Each of the quotes above came from a different police officer to Kandit News. Some of them made these comments before seeing the video surveillance footage of the February 25 crash of a red Jeep into Jerry's Kitchen. The others made the comments afterward.


"It was clearly reckless driving, and maybe even driving under the influence," another officer said. "But it was certainly not just imprudent driving."

Officer Chris Champion, who responded to the crash, cited the supposed driver of the red Jeep for imprudent driving, which is a simple traffic violation under Guam law.


"Imprudent driving is very different from reckless driving," a retired highway patrol officer told Kandit. "Changing lanes without signaling and only looking at your sideview mirror is imprudent driving. But having a complete disregard for the lives and property of others on the road is reckless driving. And that's a crime."

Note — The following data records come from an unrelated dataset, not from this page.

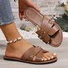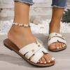 Unique Women's Flat Slippers - Casual Open Toe, Artificial Cover, Gold Buckle Strap, Comfortable Rubber Sole - Multifunctional All Season Shoes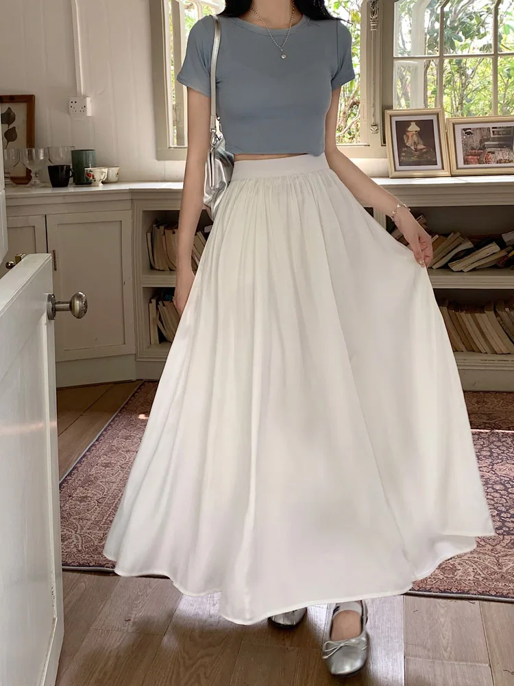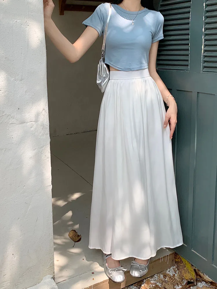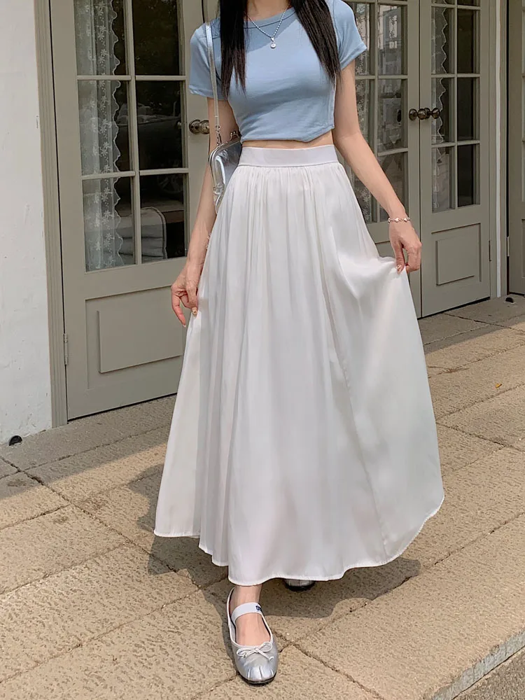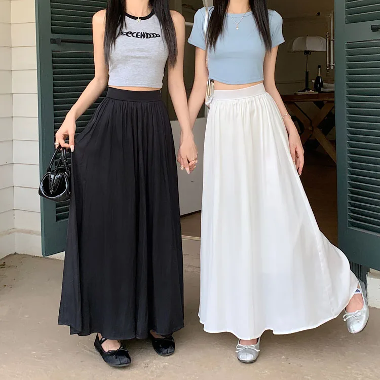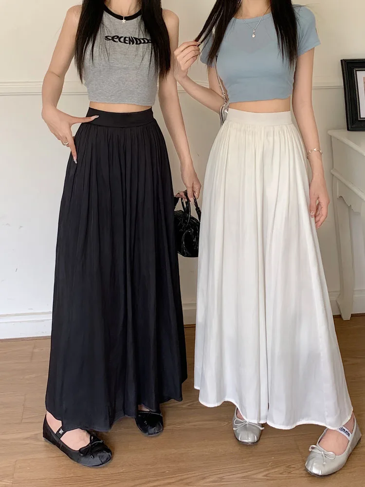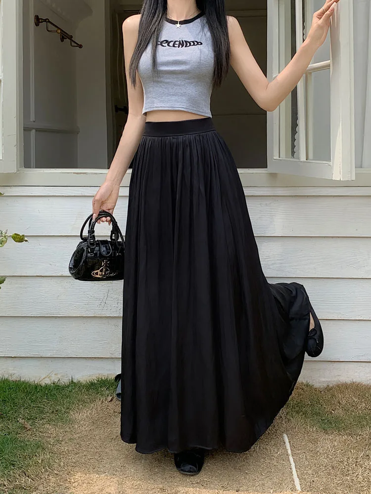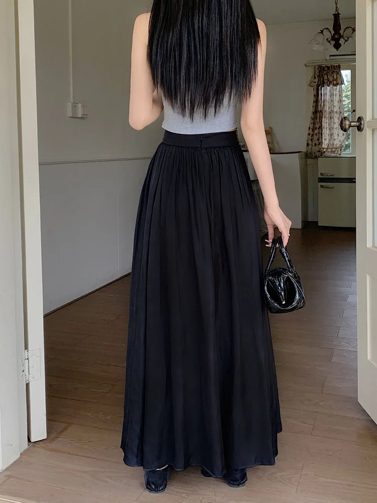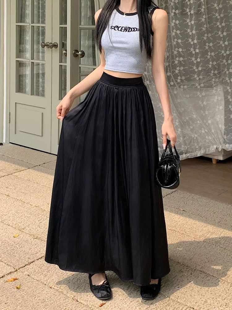 Purpdrank High Quality Niche High-waisted Satin Skirt Women French A Line Black Long Skirt Female Elegant Pleated Black Faldas 2025 New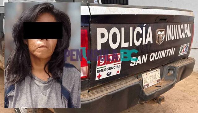 San Quintín.- Una mujer de 48 años de edad fue detenida por la Policía Municipal al tener consigo doce envoltorios de drogas sintéticas, mismos que arrojó al sentirse observada.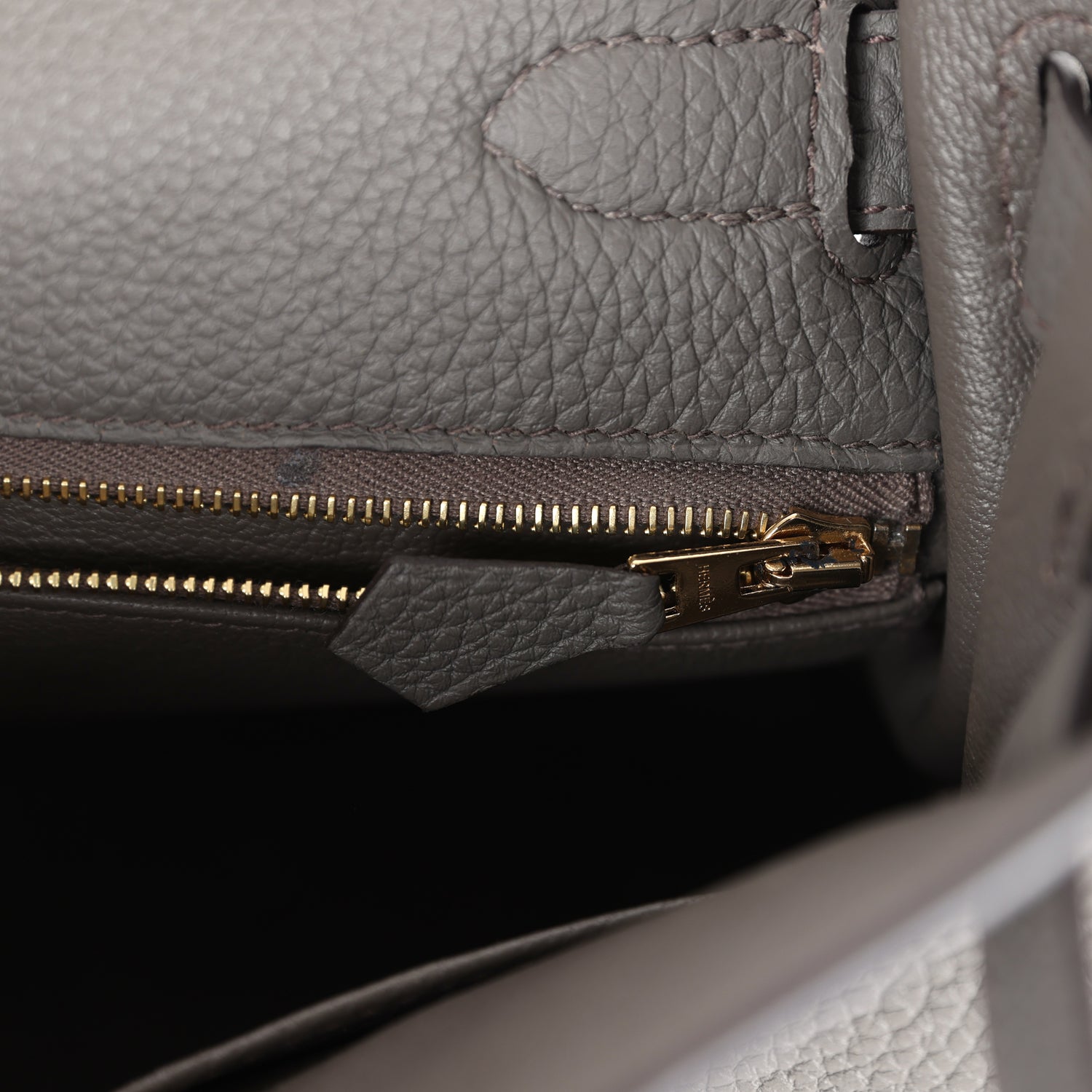 The interior is lined in Etain chevre and has one zip pocket with Hermes engraved pull and two open pockets on the opposite side.

Mr. Champion issued the imprudent driving citation despite the major damage done to Jerry's Kitchen and without reviewing surveillance footage to verify that the person who said she was the driver actually was the driver during the crash. Guam Police Officer Joneen Terlaje was a passenger in that red Jeep. Prior to confirmation that an off-duty officer was a passenger in the Jeep, Terlaje's grandfather's office told Kandit News that Officer Terlaje said she was not involved in the crash.


Mr. Champion also did not administer any blood alcohol content or field sobriety test to the supposed driver prior to the citation, nor did the veteran officer consider the accident happened as a result of reckless driving.


Video surveillance footage obtained by the Pacific Daily News shows the red Jeep overtaking several cars in the left-turning northbound lane of Marine Corps Drive at the ITC intersection at a high speed before crossing into the oncoming lanes, hitting the pavement at the corner of the intersection, then becoming airborne between two concrete poles and smashing into the restaurant.


"That is absolutely reckless driving," another police officer said.


Guam law states: "Every person who drives any vehicle upon a highway in willful or wanton disregard for the safety of persons or property is guilty of reckless driving."


A first conviction for reckless driving, a crime, constitutes a petty misdemeanor. Do it again, and it's a misdemeanor. Both mean jail time, and a criminal record.


"There's no way Champion didn't see that this is reckless driving," yet another police officer said. "The question is, why did this need to be covered up? This makes me wonder whether it was the police officer who was really driving. What's the real story here?"